Sunset. A high-school graduation. Students in caps and gowns take the football field. I’ve lost my wife in a crowd of parents and teachers.
There’s a woman next to me. She is old, curly white hair. She is missing teeth. Her accent sounds like hard work.
Granny points to the field. “That’s my Robbie,” she tells me. “First in our family to graduate high school. Told him since he was born, ‘You can become anything when you grow up.’”
She is so proud, her buttons are under strain.
The announcer calls Robbie’s name. Granny claps so hard she almost fractures a wrist.

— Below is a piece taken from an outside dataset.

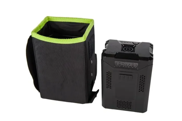 Жилет-держатель с переходником для зарядки для переноски аккумуляторов Greenworks 82V. Оснащен поясом и наплечными лямками для распределения веса, можно регулировать под особенности телосложения оператора.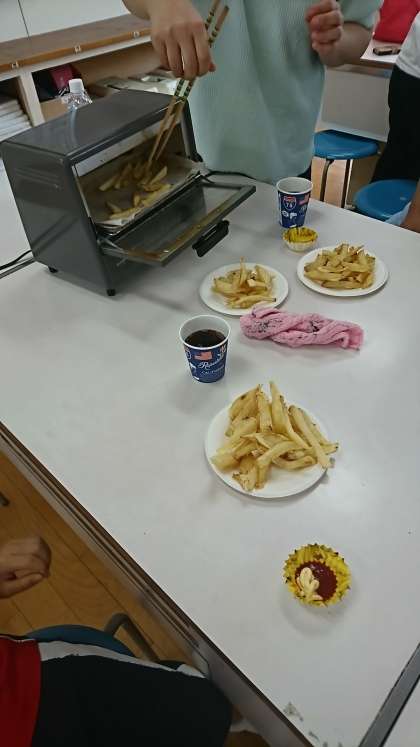 トースターでポテトフライを焼いて、みんなでワイワイ

“That’s him,” she says. “Can you see my Robbie?”
Yes’ ma’am.
A shopping mall—a young woman. Her son is the size of a sixth-grader. She holds him on her hip.
“Will you PLEASE take him, honey?” she says.

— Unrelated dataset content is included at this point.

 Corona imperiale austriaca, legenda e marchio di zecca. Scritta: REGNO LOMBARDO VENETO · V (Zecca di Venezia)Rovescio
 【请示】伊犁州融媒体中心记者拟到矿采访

Her husband is a skinny man with tattoos. He places the kid in a large stroller. The kid starts bawling.
The man wheels the stroller in circles, making airplane noises.
The kid quits
fussing and smiles. He hollers something along the lines of:
“Weeeeeeeeeeeeeeeee!”
The man stops and kisses the kid’s forehead.
“I love you,” he says.
A gas station—a man is walking toward the door. He is wearing basketball shorts and knee-length surgical stockings. There are stitches on his shaved scalp.
A kid out front stabs out a cigarette and opens the door.
When Basketball Shorts shuffles back outside, the young man is waiting. He helps him into his car—a white Ford. He pumps the man’s gas. They talk. They even laugh.
The Ford drives away.
The kid is left, standing at the pump, waving goodbye.